(Items from a data source)
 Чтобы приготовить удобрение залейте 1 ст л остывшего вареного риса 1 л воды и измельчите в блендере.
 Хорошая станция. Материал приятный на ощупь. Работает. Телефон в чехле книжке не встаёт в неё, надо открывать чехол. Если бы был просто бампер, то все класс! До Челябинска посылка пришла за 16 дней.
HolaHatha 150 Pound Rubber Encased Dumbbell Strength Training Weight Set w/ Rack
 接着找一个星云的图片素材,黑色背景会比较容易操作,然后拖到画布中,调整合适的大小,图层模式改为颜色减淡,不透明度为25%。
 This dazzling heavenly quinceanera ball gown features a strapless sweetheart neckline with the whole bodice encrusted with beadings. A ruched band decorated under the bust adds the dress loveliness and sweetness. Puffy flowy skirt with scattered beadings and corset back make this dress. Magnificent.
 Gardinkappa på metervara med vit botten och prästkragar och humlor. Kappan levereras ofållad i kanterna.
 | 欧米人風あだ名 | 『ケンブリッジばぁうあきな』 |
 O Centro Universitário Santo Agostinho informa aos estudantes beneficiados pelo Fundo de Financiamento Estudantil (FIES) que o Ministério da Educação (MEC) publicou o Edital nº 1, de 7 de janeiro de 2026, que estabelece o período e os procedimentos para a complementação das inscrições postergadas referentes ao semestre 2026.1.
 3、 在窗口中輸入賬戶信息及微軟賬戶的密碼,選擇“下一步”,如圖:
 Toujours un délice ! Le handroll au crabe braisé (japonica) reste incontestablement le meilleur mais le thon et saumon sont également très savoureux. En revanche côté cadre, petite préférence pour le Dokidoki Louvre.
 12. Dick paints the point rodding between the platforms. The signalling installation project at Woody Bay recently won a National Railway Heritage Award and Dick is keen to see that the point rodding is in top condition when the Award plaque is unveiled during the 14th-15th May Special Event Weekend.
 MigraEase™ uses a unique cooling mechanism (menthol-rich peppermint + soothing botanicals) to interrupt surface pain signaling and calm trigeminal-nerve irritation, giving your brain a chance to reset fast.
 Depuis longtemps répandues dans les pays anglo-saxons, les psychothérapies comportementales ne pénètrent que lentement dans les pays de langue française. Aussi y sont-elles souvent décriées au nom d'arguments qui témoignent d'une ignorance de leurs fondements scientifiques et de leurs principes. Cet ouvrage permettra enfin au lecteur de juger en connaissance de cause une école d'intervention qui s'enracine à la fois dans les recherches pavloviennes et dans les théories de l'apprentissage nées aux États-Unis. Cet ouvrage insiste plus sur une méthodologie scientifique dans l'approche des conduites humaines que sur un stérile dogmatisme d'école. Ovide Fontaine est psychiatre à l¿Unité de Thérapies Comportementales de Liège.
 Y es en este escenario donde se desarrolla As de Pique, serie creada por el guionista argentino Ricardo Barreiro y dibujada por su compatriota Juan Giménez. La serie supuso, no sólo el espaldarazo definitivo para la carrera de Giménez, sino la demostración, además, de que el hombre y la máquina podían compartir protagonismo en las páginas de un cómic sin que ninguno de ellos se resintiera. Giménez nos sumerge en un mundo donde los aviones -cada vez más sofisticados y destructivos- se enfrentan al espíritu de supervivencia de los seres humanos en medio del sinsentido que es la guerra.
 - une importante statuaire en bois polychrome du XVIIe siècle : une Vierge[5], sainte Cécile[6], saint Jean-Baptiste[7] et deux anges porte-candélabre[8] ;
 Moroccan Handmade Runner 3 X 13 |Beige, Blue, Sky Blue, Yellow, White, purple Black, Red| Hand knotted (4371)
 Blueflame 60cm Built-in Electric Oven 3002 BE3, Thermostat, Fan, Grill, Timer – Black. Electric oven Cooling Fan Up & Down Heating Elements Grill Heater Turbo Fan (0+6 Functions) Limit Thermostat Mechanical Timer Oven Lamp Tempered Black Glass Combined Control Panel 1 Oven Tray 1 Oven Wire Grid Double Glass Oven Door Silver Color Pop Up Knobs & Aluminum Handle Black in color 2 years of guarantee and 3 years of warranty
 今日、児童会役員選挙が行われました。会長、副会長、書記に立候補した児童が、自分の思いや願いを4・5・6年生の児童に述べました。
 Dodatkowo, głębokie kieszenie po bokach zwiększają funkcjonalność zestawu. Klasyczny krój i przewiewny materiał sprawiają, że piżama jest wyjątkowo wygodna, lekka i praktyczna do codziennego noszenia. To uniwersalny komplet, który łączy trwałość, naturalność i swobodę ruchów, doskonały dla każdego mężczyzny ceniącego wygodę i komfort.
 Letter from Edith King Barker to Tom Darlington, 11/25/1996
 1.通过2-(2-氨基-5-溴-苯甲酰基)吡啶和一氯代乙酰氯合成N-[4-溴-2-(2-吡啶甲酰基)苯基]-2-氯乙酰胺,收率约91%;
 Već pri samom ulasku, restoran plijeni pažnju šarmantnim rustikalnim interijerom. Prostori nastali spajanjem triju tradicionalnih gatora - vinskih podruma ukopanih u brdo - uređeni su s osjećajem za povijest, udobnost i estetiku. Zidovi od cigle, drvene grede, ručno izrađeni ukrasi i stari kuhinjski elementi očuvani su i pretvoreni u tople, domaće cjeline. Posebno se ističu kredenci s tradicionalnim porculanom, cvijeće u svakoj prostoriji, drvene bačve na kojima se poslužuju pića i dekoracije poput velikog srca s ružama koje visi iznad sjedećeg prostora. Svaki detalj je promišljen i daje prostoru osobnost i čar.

▶ [WORK TO BE COMPLETED] I'd like every record written out exactly as given.

▶ [EXERCISE RESULT]
 Чтобы приготовить удобрение залейте 1 ст л остывшего вареного риса 1 л воды и измельчите в блендере.
 Хорошая станция. Материал приятный на ощупь. Работает. Телефон в чехле книжке не встаёт в неё, надо открывать чехол. Если бы был просто бампер, то все класс! До Челябинска посылка пришла за 16 дней.
HolaHatha 150 Pound Rubber Encased Dumbbell Strength Training Weight Set w/ Rack
 接着找一个星云的图片素材,黑色背景会比较容易操作,然后拖到画布中,调整合适的大小,图层模式改为颜色减淡,不透明度为25%。
 This dazzling heavenly quinceanera ball gown features a strapless sweetheart neckline with the whole bodice encrusted with beadings. A ruched band decorated under the bust adds the dress loveliness and sweetness. Puffy flowy skirt with scattered beadings and corset back make this dress. Magnificent.
 Gardinkappa på metervara med vit botten och prästkragar och humlor. Kappan levereras ofållad i kanterna.
 | 欧米人風あだ名 | 『ケンブリッジばぁうあきな』 |
 O Centro Universitário Santo Agostinho informa aos estudantes beneficiados pelo Fundo de Financiamento Estudantil (FIES) que o Ministério da Educação (MEC) publicou o Edital nº 1, de 7 de janeiro de 2026, que estabelece o período e os procedimentos para a complementação das inscrições postergadas referentes ao semestre 2026.1.
 3、 在窗口中輸入賬戶信息及微軟賬戶的密碼,選擇“下一步”,如圖:
 Toujours un délice ! Le handroll au crabe braisé (japonica) reste incontestablement le meilleur mais le thon et saumon sont également très savoureux. En revanche côté cadre, petite préférence pour le Dokidoki Louvre.
 12. Dick paints the point rodding between the platforms. The signalling installation project at Woody Bay recently won a National Railway Heritage Award and Dick is keen to see that the point rodding is in top condition when the Award plaque is unveiled during the 14th-15th May Special Event Weekend.
 MigraEase™ uses a unique cooling mechanism (menthol-rich peppermint + soothing botanicals) to interrupt surface pain signaling and calm trigeminal-nerve irritation, giving your brain a chance to reset fast.
 Depuis longtemps répandues dans les pays anglo-saxons, les psychothérapies comportementales ne pénètrent que lentement dans les pays de langue française. Aussi y sont-elles souvent décriées au nom d'arguments qui témoignent d'une ignorance de leurs fondements scientifiques et de leurs principes. Cet ouvrage permettra enfin au lecteur de juger en connaissance de cause une école d'intervention qui s'enracine à la fois dans les recherches pavloviennes et dans les théories de l'apprentissage nées aux États-Unis. Cet ouvrage insiste plus sur une méthodologie scientifique dans l'approche des conduites humaines que sur un stérile dogmatisme d'école. Ovide Fontaine est psychiatre à l¿Unité de Thérapies Comportementales de Liège.
 Y es en este escenario donde se desarrolla As de Pique, serie creada por el guionista argentino Ricardo Barreiro y dibujada por su compatriota Juan Giménez. La serie supuso, no sólo el espaldarazo definitivo para la carrera de Giménez, sino la demostración, además, de que el hombre y la máquina podían compartir protagonismo en las páginas de un cómic sin que ninguno de ellos se resintiera. Giménez nos sumerge en un mundo donde los aviones -cada vez más sofisticados y destructivos- se enfrentan al espíritu de supervivencia de los seres humanos en medio del sinsentido que es la guerra.
 - une importante statuaire en bois polychrome du XVIIe siècle : une Vierge[5], sainte Cécile[6], saint Jean-Baptiste[7] et deux anges porte-candélabre[8] ;
 Moroccan Handmade Runner 3 X 13 |Beige, Blue, Sky Blue, Yellow, White, purple Black, Red| Hand knotted (4371)
 Blueflame 60cm Built-in Electric Oven 3002 BE3, Thermostat, Fan, Grill, Timer – Black. Electric oven Cooling Fan Up & Down Heating Elements Grill Heater Turbo Fan (0+6 Functions) Limit Thermostat Mechanical Timer Oven Lamp Tempered Black Glass Combined Control Panel 1 Oven Tray 1 Oven Wire Grid Double Glass Oven Door Silver Color Pop Up Knobs & Aluminum Handle Black in color 2 years of guarantee and 3 years of warranty
 今日、児童会役員選挙が行われました。会長、副会長、書記に立候補した児童が、自分の思いや願いを4・5・6年生の児童に述べました。
 Dodatkowo, głębokie kieszenie po bokach zwiększają funkcjonalność zestawu. Klasyczny krój i przewiewny materiał sprawiają, że piżama jest wyjątkowo wygodna, lekka i praktyczna do codziennego noszenia. To uniwersalny komplet, który łączy trwałość, naturalność i swobodę ruchów, doskonały dla każdego mężczyzny ceniącego wygodę i komfort.
 Letter from Edith King Barker to Tom Darlington, 11/25/1996
 1.通过2-(2-氨基-5-溴-苯甲酰基)吡啶和一氯代乙酰氯合成N-[4-溴-2-(2-吡啶甲酰基)苯基]-2-氯乙酰胺,收率约91%;
 Već pri samom ulasku, restoran plijeni pažnju šarmantnim rustikalnim interijerom. Prostori nastali spajanjem triju tradicionalnih gatora - vinskih podruma ukopanih u brdo - uređeni su s osjećajem za povijest, udobnost i estetiku. Zidovi od cigle, drvene grede, ručno izrađeni ukrasi i stari kuhinjski elementi očuvani su i pretvoreni u tople, domaće cjeline. Posebno se ističu kredenci s tradicionalnim porculanom, cvijeće u svakoj prostoriji, drvene bačve na kojima se poslužuju pića i dekoracije poput velikog srca s ružama koje visi iznad sjedećeg prostora. Svaki detalj je promišljen i daje prostoru osobnost i čar.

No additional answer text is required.